This is a guest post by Mitch Ruhl, a paralegal specialist in the American Law Division of the Congressional Research Service.
One of the challenges for any researcher tackling questions of constitutional interpretation is knowing where to start. The Congressional Research Service’s (CRS) Constitution of the United States of America: Analysis and Interpretation (or “Constitution Annotated”) serves as the official legal treatise on the constitution, offering a comprehensive, authoritative, and nonpartisan analysis of the most important document in American history. This year marks the publication of the latest decennial edition and the fourth anniversary of the Constitution Annotated website. As part of this anniversary, CRS has produced a new research guide dedicated to helping the general reader navigate and understand the Constitution Annotated, whether they are congressional staffers, seasoned attorneys, university students, or anyone interested in the Constitution and how it relates to current issues.

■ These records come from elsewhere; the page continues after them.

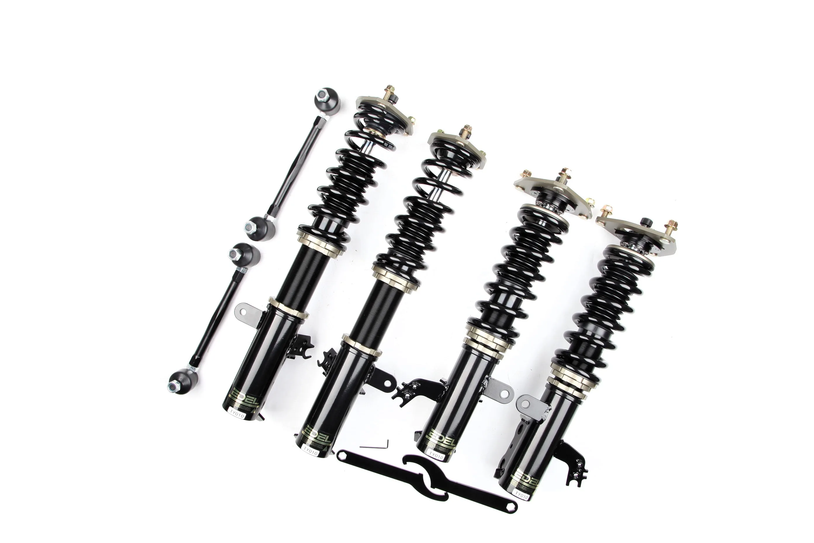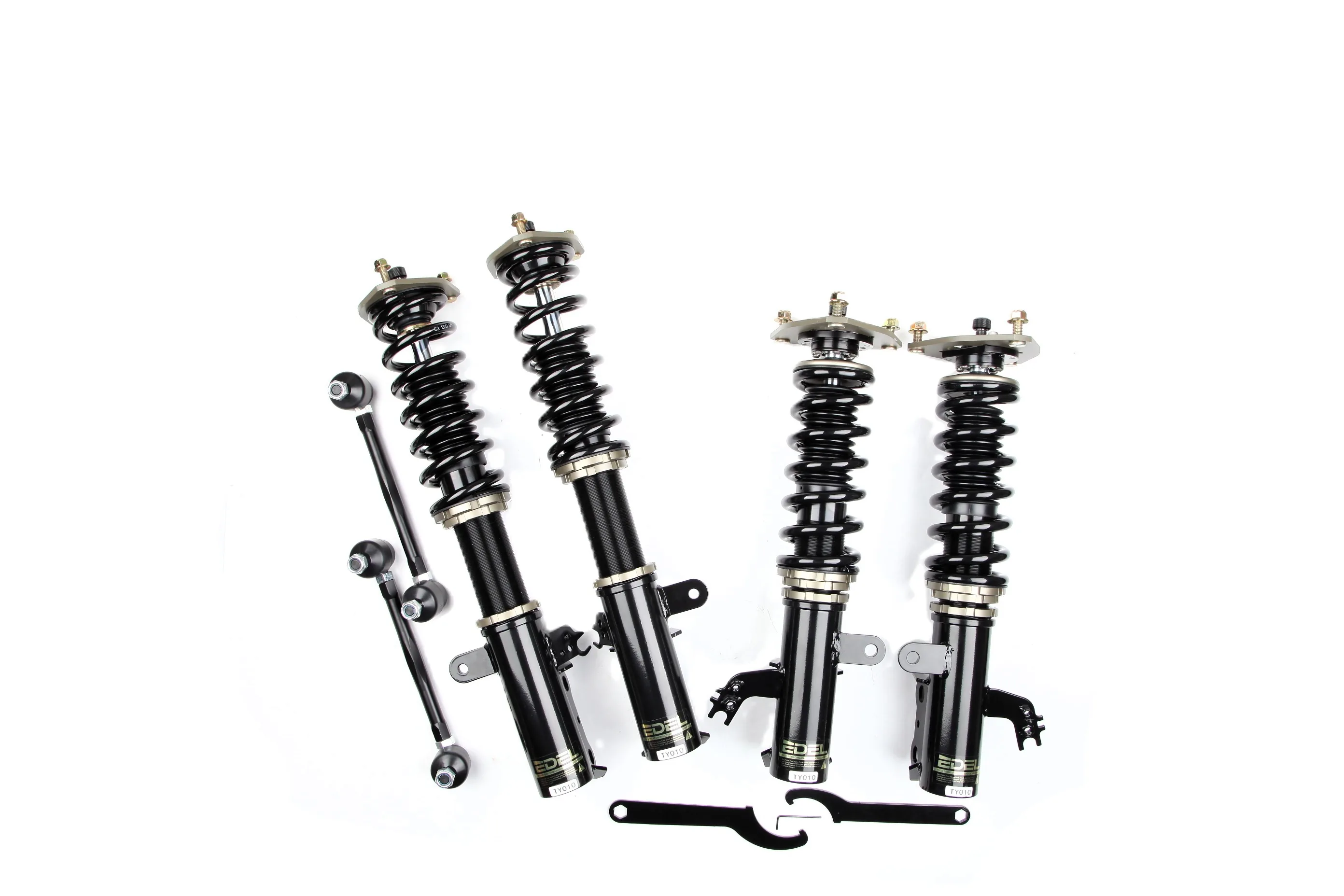 Пружины перед 8 кг, зад 6 кг. Полный комплект регулируемых амортизаторов перед + зад (4шт). Задние койловеры без шаровых соединений (на резиновых втулках). Фултап, регулировка высоты и жесткости 32 щелчка. Производство в г. Шанхай. Собственный завод.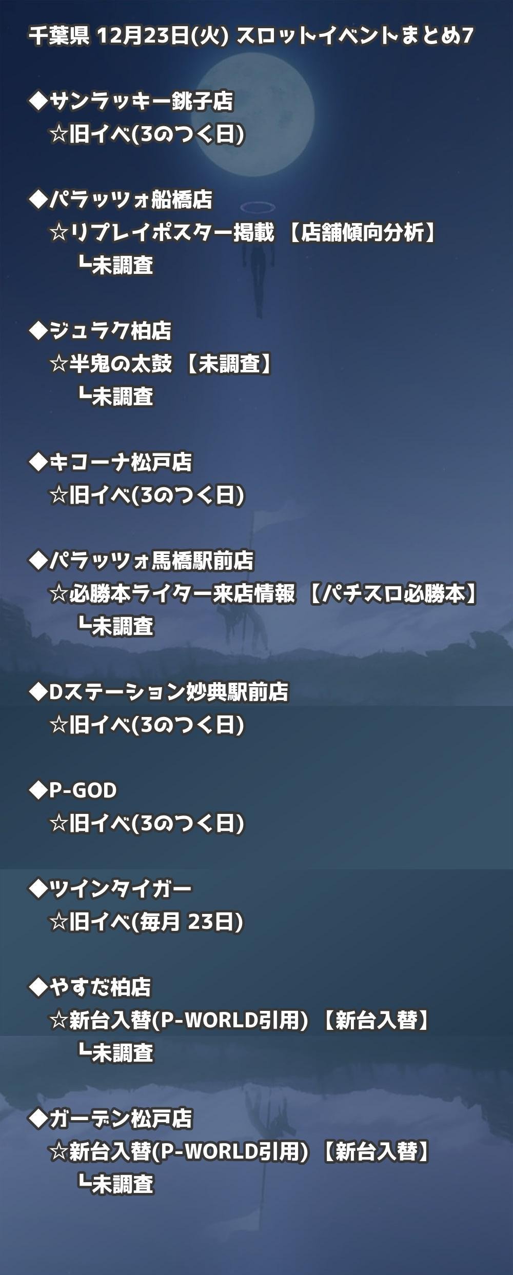 【千葉県】12月23日(火) パチンコホールイベント取材まとめ記事です。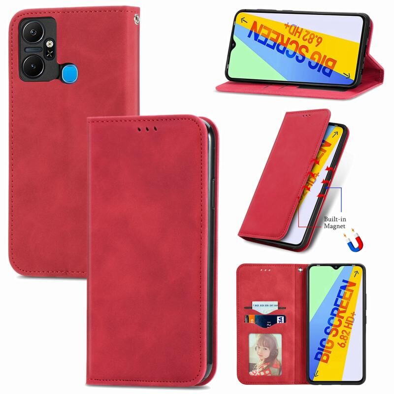 Για Infinix Smart 6 Plus Retro δέρμα αίσθηση μαγνητική Flip δέρμα τηλέφωνο υπόθεση (κόκκινο)

This research guide walks the reader through the Constitution Annotated website; the methodology behind its component essays; additional resources created by CRS, including a comprehensive table of cases cited in all essays, a table of overruled Supreme Court decisions, sets of introductory essays, and a topical guide for each section of the Constitution and its amendments. The Constitution Annotated research guide will be regularly updated as new essays and resources are added and edited.
Researchers of all backgrounds can use this research guide to delve into this unique and important treatise and further their understanding of how America’s founding document relates to current Supreme Court cases and discussions surrounding constitutional issues.